8- Bir diğer husus, psikolojik açıdan da baktığımızda erkeği en çok motive eden, saygı görmesi ve zahmetlerinin takdir edilip emeğinin yitirilmemesidir. Kadını ise en çok mutlu edip motive eden şey; sevgi, samimiyet ve muhabbettir. İşte aslında bu ve benzeri hadislerde olayın bu boyutuna da zarif göndermeler söz konusudur. Zira bu secde tabiriyle bir taraftan erkeğe gösterilmesi gereken saygı ve itaat vurgulanırken, diğer yandan kadının da erkeğe yakınlık ve bağlılığını ve bu ihtiyacının giderilmesinin bir ön vesilesi olarak erkeğe göstereceği saygı ön plana çıkarılmıştır. Yani bir başka deyimle kadın kocasına göstereceği saygı ve tevazuyla eşinin sevgi ve muhabbetini kazanarak kendi ruhi ihtiyacını da gidermiş olmakta ve böylece, saygı, samimiyet ve muhabbetin hâkim olduğu bir yuvanın oluşması ve korunmasında önemli bir rol oynamaktadır.
Bu yüzden bu iki unsurun ikisi veya birisinin bulunmadığı ailelerde, zamanla huzur ve mutluluk, yerini şiddete, anlaşmazlıklara ve kavgalara bırakmaktadır.

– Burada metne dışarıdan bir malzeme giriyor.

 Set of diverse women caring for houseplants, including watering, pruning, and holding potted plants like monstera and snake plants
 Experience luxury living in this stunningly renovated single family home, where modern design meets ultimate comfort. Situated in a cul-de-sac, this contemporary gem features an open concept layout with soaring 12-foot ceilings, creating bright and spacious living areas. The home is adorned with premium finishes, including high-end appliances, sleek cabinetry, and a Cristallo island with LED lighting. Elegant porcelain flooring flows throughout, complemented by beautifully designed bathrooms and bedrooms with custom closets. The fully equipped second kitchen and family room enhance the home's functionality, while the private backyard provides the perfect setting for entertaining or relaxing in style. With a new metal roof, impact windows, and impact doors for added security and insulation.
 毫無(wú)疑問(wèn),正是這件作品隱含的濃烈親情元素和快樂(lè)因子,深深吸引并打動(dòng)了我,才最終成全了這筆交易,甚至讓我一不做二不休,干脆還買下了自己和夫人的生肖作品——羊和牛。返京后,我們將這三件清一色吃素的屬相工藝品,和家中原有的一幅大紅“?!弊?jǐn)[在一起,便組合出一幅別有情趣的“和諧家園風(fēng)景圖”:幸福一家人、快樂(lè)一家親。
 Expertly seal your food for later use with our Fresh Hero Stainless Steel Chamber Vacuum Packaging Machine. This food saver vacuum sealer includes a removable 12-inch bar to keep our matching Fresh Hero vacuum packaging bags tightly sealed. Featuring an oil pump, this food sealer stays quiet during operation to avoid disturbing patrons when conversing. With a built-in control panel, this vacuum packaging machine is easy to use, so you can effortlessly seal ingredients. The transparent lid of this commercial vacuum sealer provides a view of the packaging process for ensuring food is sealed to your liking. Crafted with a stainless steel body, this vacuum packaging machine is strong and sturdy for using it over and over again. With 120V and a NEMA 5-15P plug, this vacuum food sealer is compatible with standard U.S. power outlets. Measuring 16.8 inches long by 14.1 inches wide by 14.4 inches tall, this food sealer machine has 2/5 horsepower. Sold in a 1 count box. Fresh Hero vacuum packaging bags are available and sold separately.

9- Elbette erkeği ailenin reisi olarak tanıyan ve eşine ve evladına ona itaat etme emri veren İslam, erkeğe de eşine ve ailesine değer vermesi ve onlara haksızlık ve zulmetmemesi ve adil davranması, onları ilgilendiren konularda mümkün mertebe onlarla istişareli ve koordineli hareket etmesi gerektiğini de bir görev olarak onun üzerine yüklemiştir. Bu konuda nakledilen hadislerden birkaçını örnek olarak vermekle yetiniyoruz:
Resulullah (s.a.a): "Kadınlara ancak değerli kimse saygı gösterir ve onları ancak âdi kimseler aşağılar." (Pâyende, Nehcü’l-Fesâha, s. 318, Hadis: 1520)
Resulullah (s.a.a): “Sizden birisi bir kadını eş olarak seçer (onunla evlenirse, mutlaka ona değer versin-saygı göstersin.” (Meclisi, Bihârü’l-Envâr, c. 100, s. 224)

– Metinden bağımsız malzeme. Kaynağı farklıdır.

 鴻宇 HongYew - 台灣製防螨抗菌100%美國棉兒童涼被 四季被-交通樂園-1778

Resulullah (s.a.a): "Sizin en iyiniz hanımına karşı en iyi olanınızdır. Hanımlarına karşı en iyi olanınız da benim." (Kâşâni, el-Vâfi, c. 3, s. 117)
Resulullah (s.a.a): “İmanı en kâmil olan mümin, ahlakı en güzel olan ve ailesine en yumuşak davranandır; sizin en iyiniz hanımlarına karşı en iyi olanlarınızdır." (Meclisi, Bihârü’l-Envâr, c. 100, s. 224)
Resulullah (s.a.a): "En iyi erkeklerinizden olanlar, takvalı, (içi ve dışı) temiz, eli açık, hain gözlere sahip olmayan, anne babasına iyilik eden ve ailesini başkalarının umuduna bırakmayan kimselerdir. En kötü erkeklerinizden olanlar ise yalancı, cimri, küfürbaz, (kazandığını) yalnız başına yiyen, misafiri reddeden, eşini ve hizmetçisini döven, ailesini başkalarının umuduna bırakan ve anne babasına haksızlık edenlerdir." (Âmili, el-Vesâil, c. 14, s.18)
Resulullah (s.a.a): "Herhangi bir erkek hanımına (haksız yere) bir tokat atarsa, Allah azap meleği olan Mâlik'e cehennemde ona yetmiş tokat atmasını emreder..." (Tabi ki bunların hepsi tevbe etmeyip de helâllik almayan kimseler içindir.) (Nuri, Müstedrekü’l- Vesâil, c. 2, s.55)
Resulullah (s.a.a): “Kendisi dövülmeye daha müstahak olduğu halde, hanımını döven kimseye şaşarım.” (Nuri, Müstedrekü’l-Vesâil, c. 14, s.225)
Resulullah (s.a.a): “Bir erkek eşine vurduğu elle nasıl ona sarılabiliyor?!” (Tabatabai, el-Mizân, c. 4, s. 350)
Resulullah (s.a.a): “Sizden birisi eşine vurduğu halde, nasıl olur da ona sarılabiliyor (böyle bir yüzsüzlüğü gösterebiliyor)?!” (Tabatabai, el-Mizan, c.4, s. 350-351)
İmam Musa Kâzım (a.s): “Şüphesiz Yüce ve Aziz Allah kadınlar ve çocuklar için (onlara yapılan haksızlık ve zulüm için) öfkelendiği kadar hiçbir şey için öfkelenmez!” (Kuleyni, el-Kâfi, c. 6, s. 50)
Özetlemek gerekirse, bir ailede sarsılmaz bir düzen hâkim olur, bir taraftan (aile reisine karşı) sevgi, saygı, tevazu ve itaat, diğer taraftan (aile fertlerine reisten taraf) sevgi, merhamet, adalet ve fedakârlık söz konusu olursa ve hepsi bunu Allah rızası için gerçekleştirirse, işte o aile gerçek anlamda hem dünya saadet ve mutluluğunu yakalamış olur, hem de ahiret.
Rabbim öyle aileleri hepimize nasip buyursun. Âmin.